**WHAT YOU SHOULD DO**
Since the listing below shows pictures, leave them out and write out exactly the lines from the line with "Gawfolk GF240D Curved" to the line with "Рис. 78. Общий", both included, and no others.

**RECORDS SHOWN**
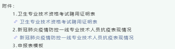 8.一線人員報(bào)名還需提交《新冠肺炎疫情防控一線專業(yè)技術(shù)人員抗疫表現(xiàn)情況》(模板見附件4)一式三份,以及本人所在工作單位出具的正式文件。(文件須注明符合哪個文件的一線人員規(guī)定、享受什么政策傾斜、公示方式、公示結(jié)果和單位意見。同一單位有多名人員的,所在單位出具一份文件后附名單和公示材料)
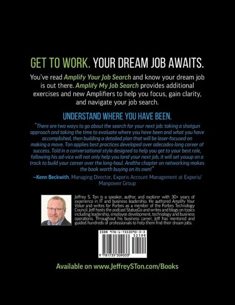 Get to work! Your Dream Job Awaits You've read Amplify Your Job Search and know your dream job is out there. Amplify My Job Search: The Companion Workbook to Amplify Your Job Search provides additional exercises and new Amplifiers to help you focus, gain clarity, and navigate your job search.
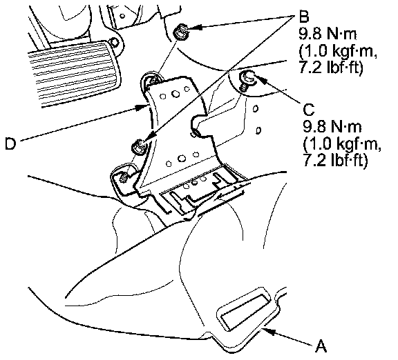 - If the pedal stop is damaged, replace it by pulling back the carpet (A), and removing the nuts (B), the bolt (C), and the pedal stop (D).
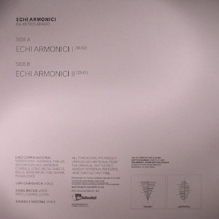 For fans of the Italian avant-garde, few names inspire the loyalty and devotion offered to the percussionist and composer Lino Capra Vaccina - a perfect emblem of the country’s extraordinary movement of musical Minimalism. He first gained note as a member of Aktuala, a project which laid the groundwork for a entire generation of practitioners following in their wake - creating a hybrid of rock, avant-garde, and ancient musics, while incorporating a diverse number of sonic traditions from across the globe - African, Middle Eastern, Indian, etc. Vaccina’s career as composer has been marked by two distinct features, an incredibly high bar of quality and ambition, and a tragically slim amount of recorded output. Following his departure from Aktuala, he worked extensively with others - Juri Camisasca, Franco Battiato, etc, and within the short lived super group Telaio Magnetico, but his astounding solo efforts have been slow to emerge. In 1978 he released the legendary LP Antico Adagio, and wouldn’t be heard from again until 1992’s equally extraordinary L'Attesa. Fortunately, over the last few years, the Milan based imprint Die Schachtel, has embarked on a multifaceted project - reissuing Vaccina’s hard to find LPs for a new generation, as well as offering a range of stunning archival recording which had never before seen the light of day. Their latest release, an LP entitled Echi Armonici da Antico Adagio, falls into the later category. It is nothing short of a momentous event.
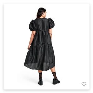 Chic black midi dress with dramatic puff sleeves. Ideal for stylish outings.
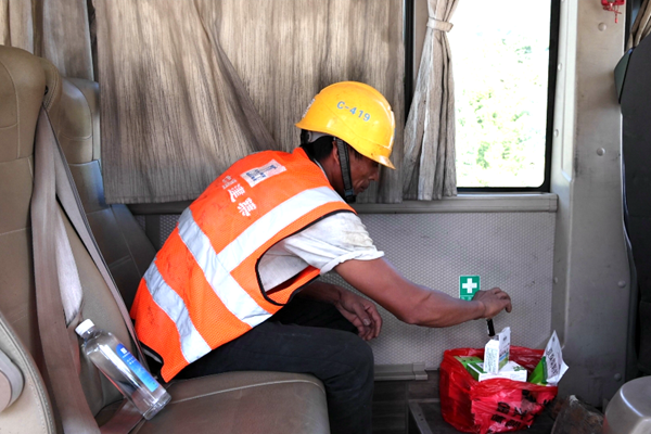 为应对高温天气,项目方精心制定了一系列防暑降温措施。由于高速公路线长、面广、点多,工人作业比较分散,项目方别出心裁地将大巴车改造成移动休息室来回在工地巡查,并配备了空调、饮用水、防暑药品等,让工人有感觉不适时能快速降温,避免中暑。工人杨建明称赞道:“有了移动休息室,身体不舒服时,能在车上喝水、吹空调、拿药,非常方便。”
--
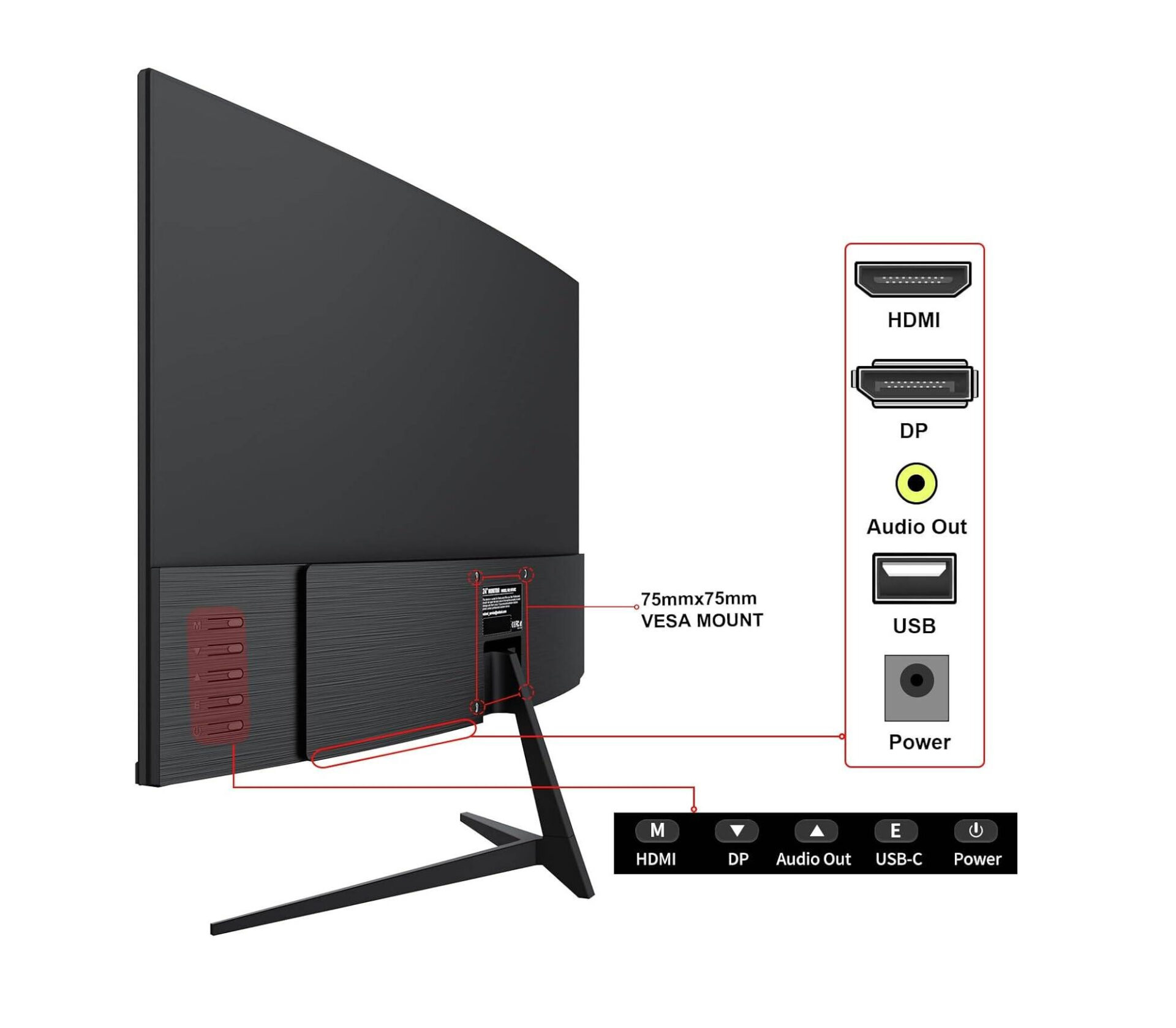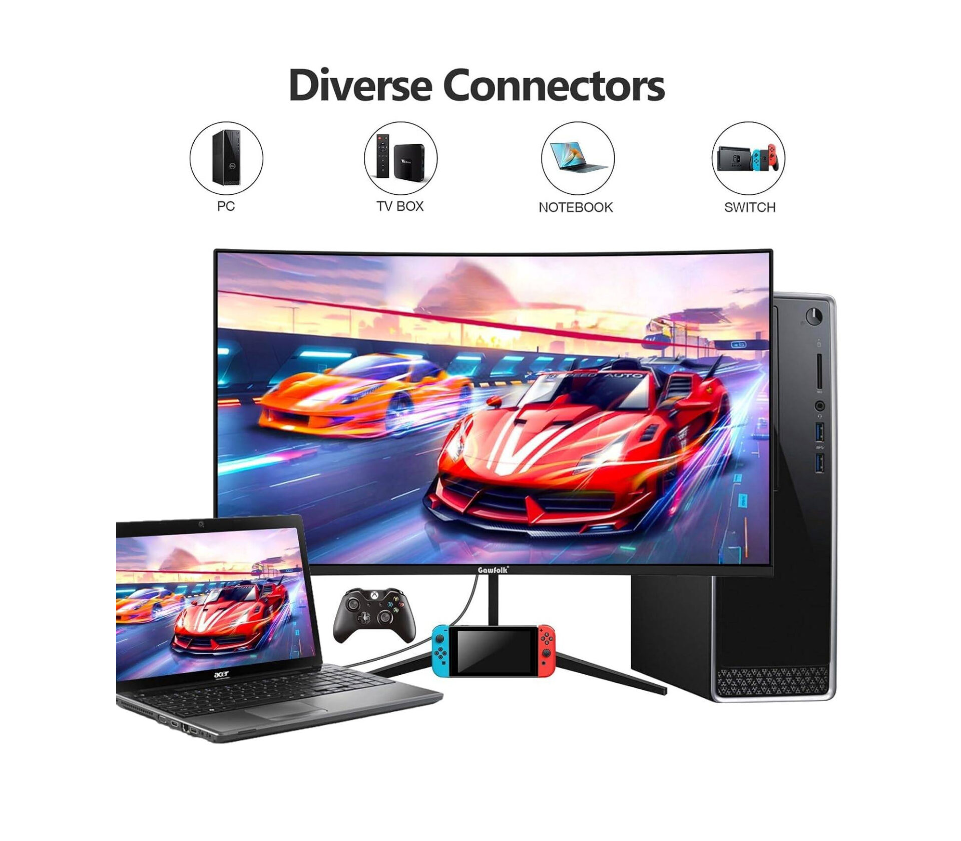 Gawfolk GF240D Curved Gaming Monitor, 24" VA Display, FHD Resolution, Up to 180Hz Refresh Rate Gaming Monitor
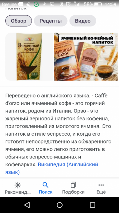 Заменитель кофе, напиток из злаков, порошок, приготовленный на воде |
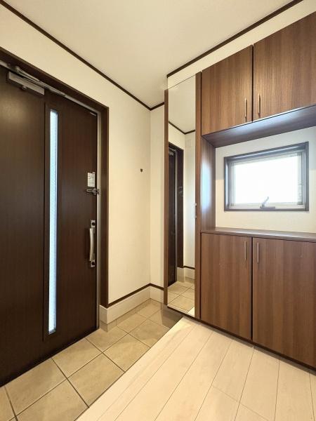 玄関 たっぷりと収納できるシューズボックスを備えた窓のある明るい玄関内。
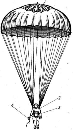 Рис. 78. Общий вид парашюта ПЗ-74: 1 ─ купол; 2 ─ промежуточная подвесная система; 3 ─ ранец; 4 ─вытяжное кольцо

**RESULT FOR THIS EXERCISE**
 Gawfolk GF240D Curved Gaming Monitor, 24" VA Display, FHD Resolution, Up to 180Hz Refresh Rate Gaming Monitor
 Заменитель кофе, напиток из злаков, порошок, приготовленный на воде |
 玄関 たっぷりと収納できるシューズボックスを備えた窓のある明るい玄関内。
 Рис. 78. Общий вид парашюта ПЗ-74: 1 ─ купол; 2 ─ промежуточная подвесная система; 3 ─ ранец; 4 ─вытяжное кольцо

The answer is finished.